British literary correspondent (1764–1857)

Hester Maria Elphinstone, Viscountess Keith, born Hester Maria Thrale (17 September 1764 – 31 March 1857), was a British literary correspondent and intellectual. She was the eldest child of Hester Thrale, diarist, author and confidante of Samuel Johnson, and Henry Thrale, a wealthy brewer and patron of the arts. She became the second wife of George Elphinstone, 1st Viscount Keith.

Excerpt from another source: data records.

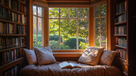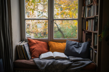 Open book lies on a cozy window seat adorned with colorful cushions, overlooking a tranquil autumnal view, creating a perfect reading nook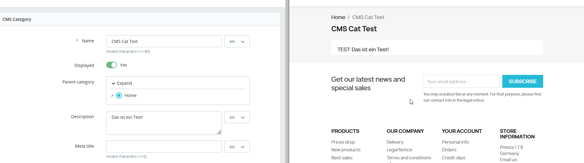 henner2605 Posted November 19, 2021 Author Share Posted November 19, 2021 (edited) Habe jetzt verschiedene Varianten ausprobiert - wie gesagt, ich hab Null Ahnung von den Template Codes. Bestes Ergebnis, es hat sich gar nichts verändert. Schlechtetstes Ergebnis, die Seite war zur Gänze nicht mehr da. Das hier, habe ich mir gedacht, könnte zielführend sein. Passiert aber gar nichts. {block name='category_description'} {$cms_category.description} {/block} Eine Unterkatgorie habe ich eben noch angelegt, die wird korrekt im Frontend angezeigt. Genauso unformiert zwar, aber sichtbar. Edited November 19, 2021 by henner2605 Unterkategorie (see edit history) Link to comment Share on other sites More sharing options...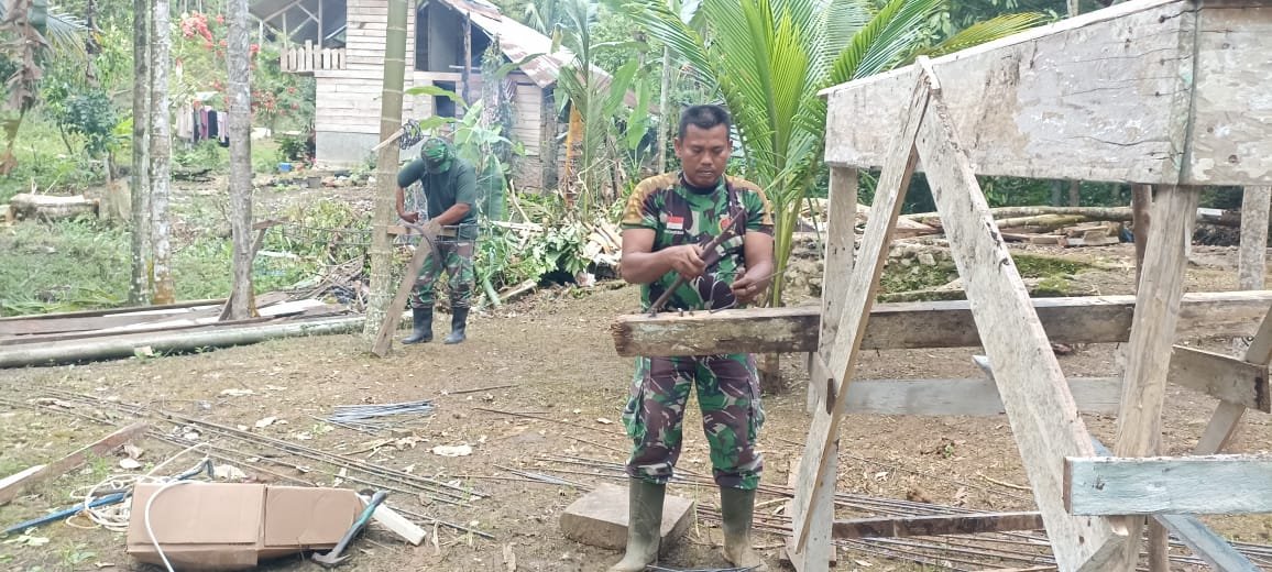 Anggota Satgas TMMD Ke-124 bersama warga sekitar tampak bahu membahu bekerja keras membangun rumah tersebut agar menjadi tempat tinggal yang layak dan nyaman bagi Tuminah.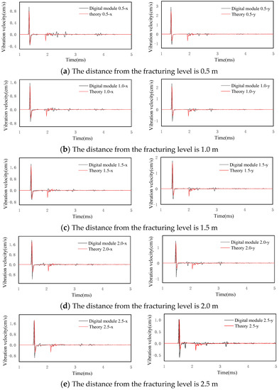The vibration velocity of each point on the free surface is calculated using the time-domain recursive method programmed with Matlab, and using numerical simulation. Additionally, the normal (Y) and tangential (X) particle vibration velocities at each measuring point are shown in Figure 8.
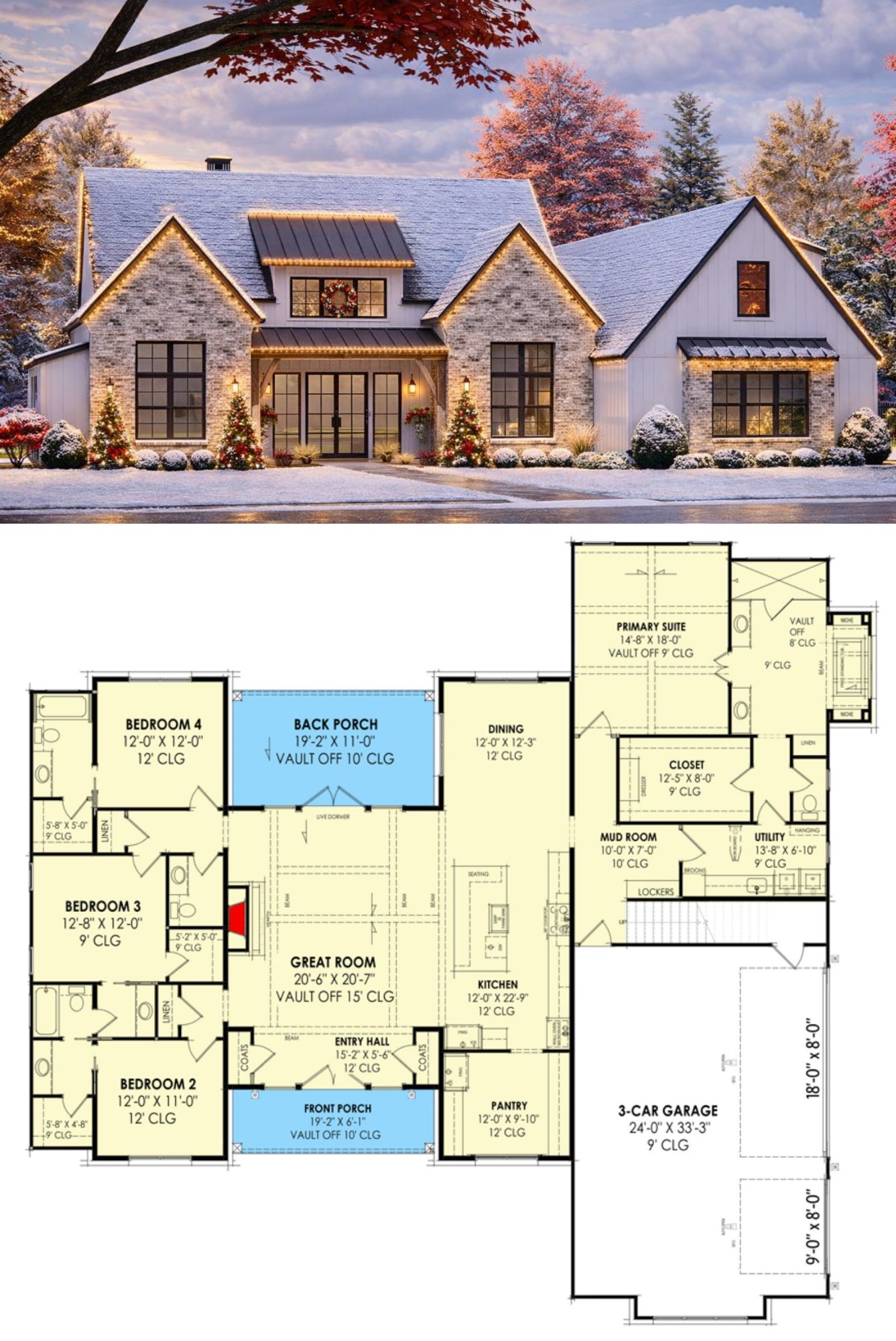 This modern farmhouse plan offers a versatile and open layout ideal for everyday family living and entertaining while fitting under 3,000 square feet of heated space.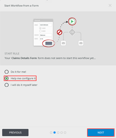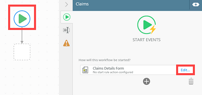 - In this step, you design a workflow and configure the Start step to start the workflow when you submit the Claims Details Form.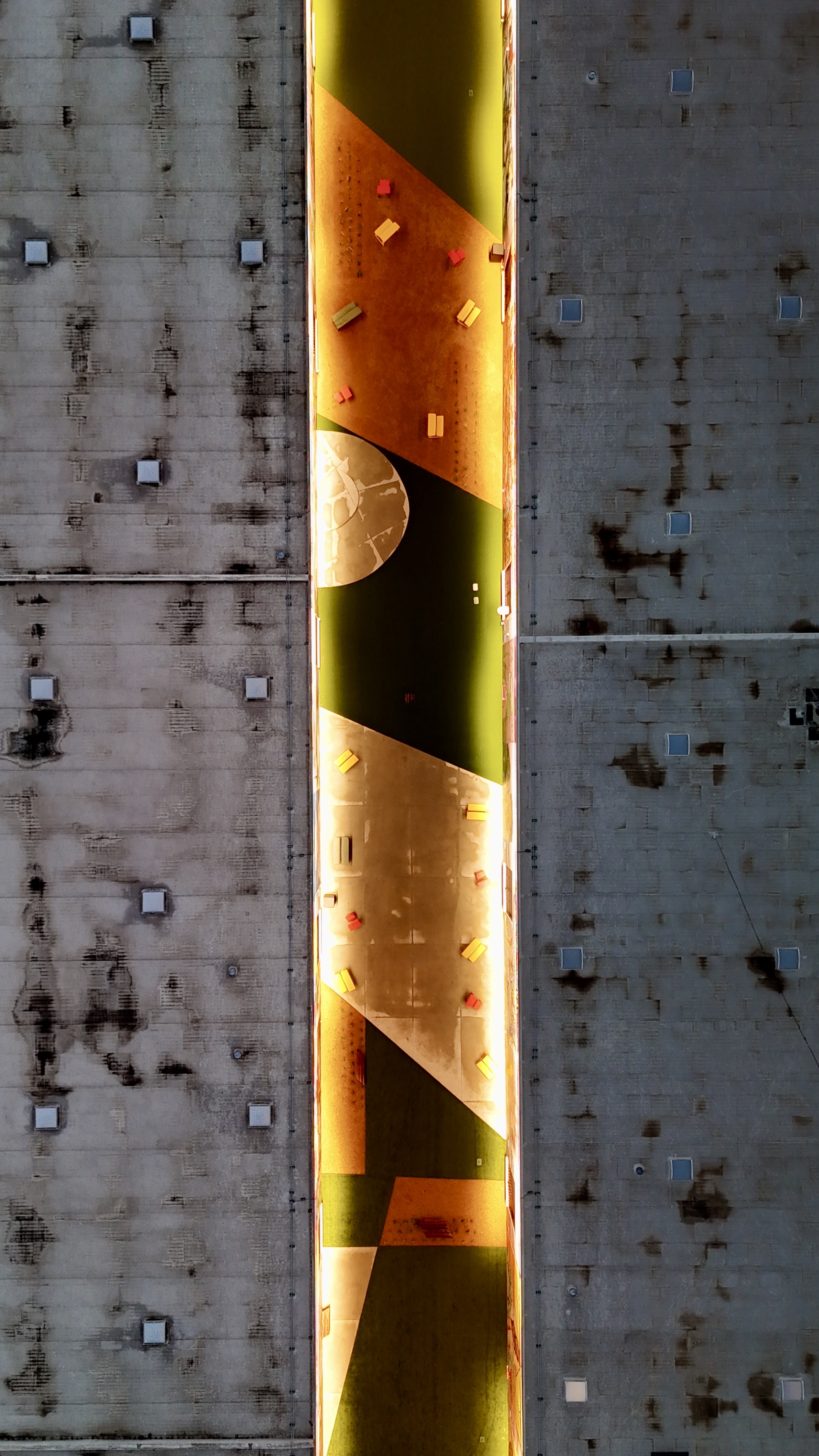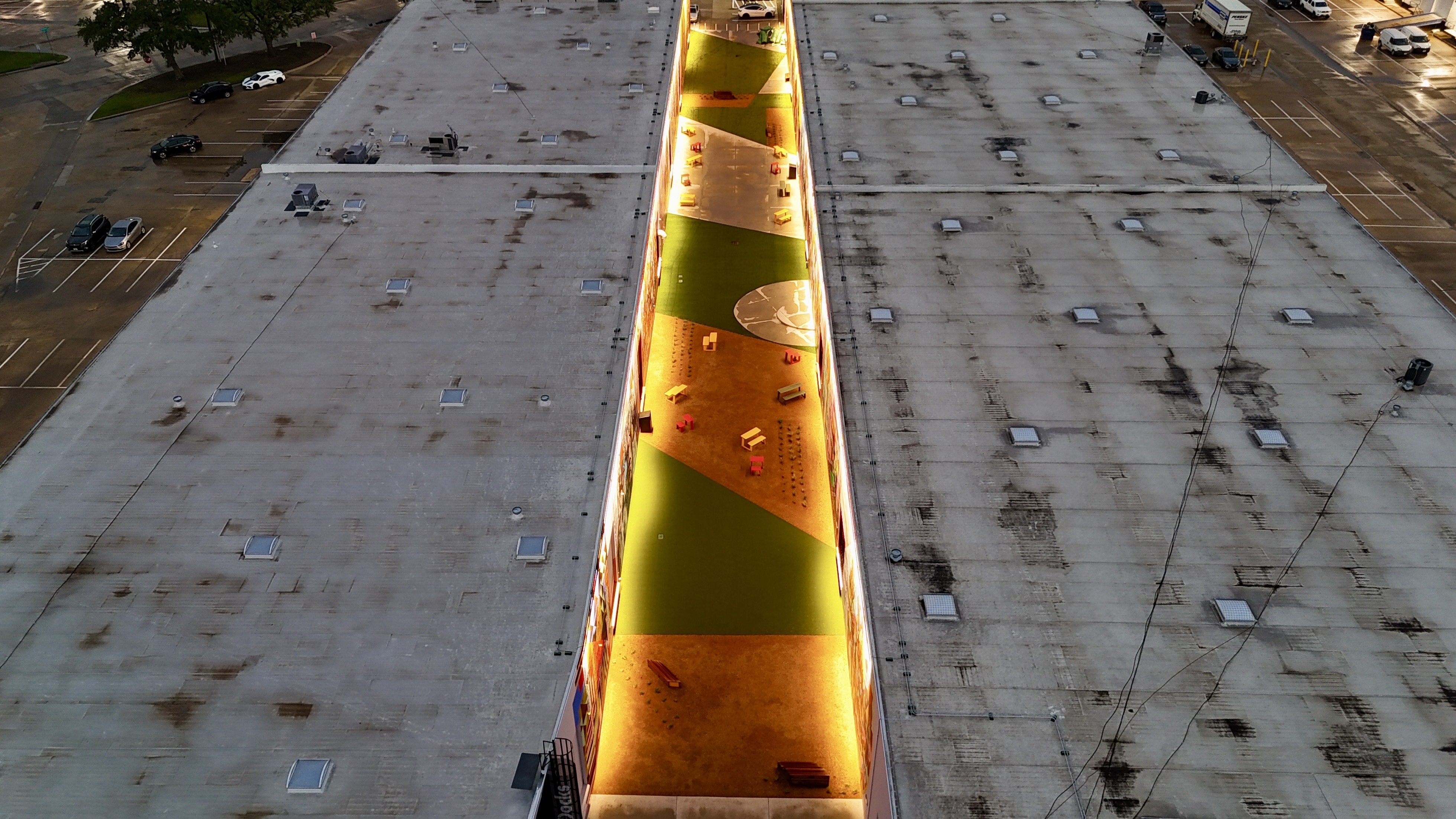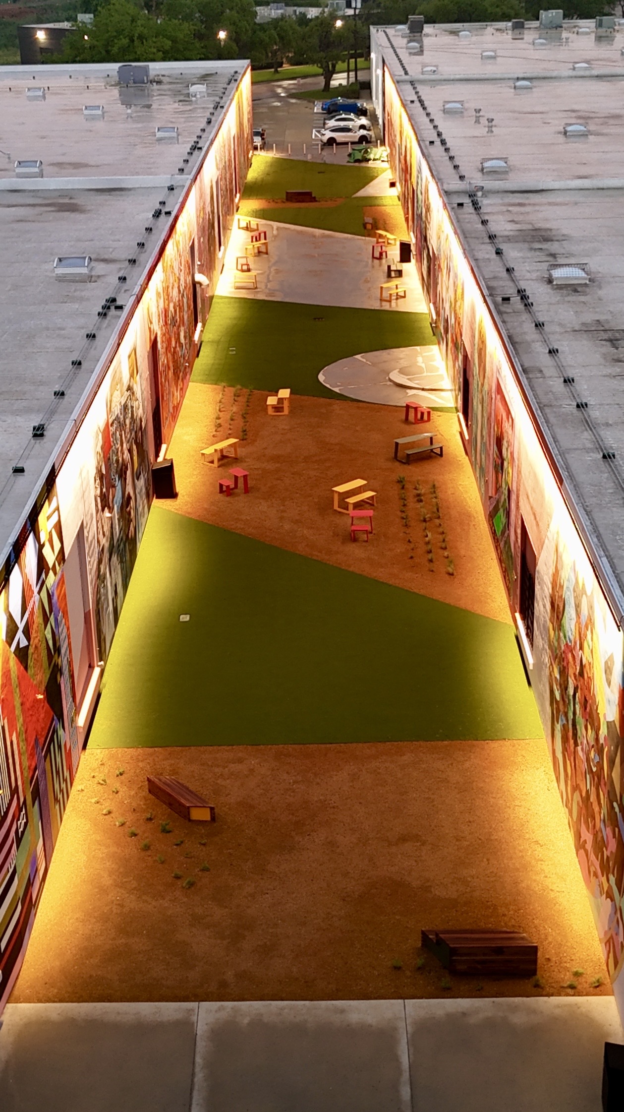 The Art Docks sits in a flat industrial alley between two buildings. Water has nowhere to go on its own. Get drainage wrong on a developer-funded commercial install and you’ve built a public space that turns into a pond every time North Texas gets a real storm — the kind of failure mode that ends a developer relationship.

==Childhood and education==
Johnson gave Hester Maria her lifelong nickname "Queeney" (after Queen Esther) early in her childhood, and was a regular correspondent of the little girl as well as of her mother. Queeney Thrale was born in Southwark, where her father's brewery was situated, and grew up mainly at the family home, Streatham Park in South London, which was the focus of an important coterie of political, artistic and literary figures known as the Streatham Worthies. She showed early signs of a good memory and sharp intellect, and by age six she was regarded as a greater prodigy than her intelligent and accomplished mother. She studied Latin with Dr Johnson, working alongside the novelist Frances Burney, another family protégée, and also Italian, with Joseph Baretti, and Hebrew. She was painted by Zoffany at 20 months, and she and her mother were the joint subjects of a portrait by Sir Joshua Reynolds in 1781, as were other members of the Streatham park circle.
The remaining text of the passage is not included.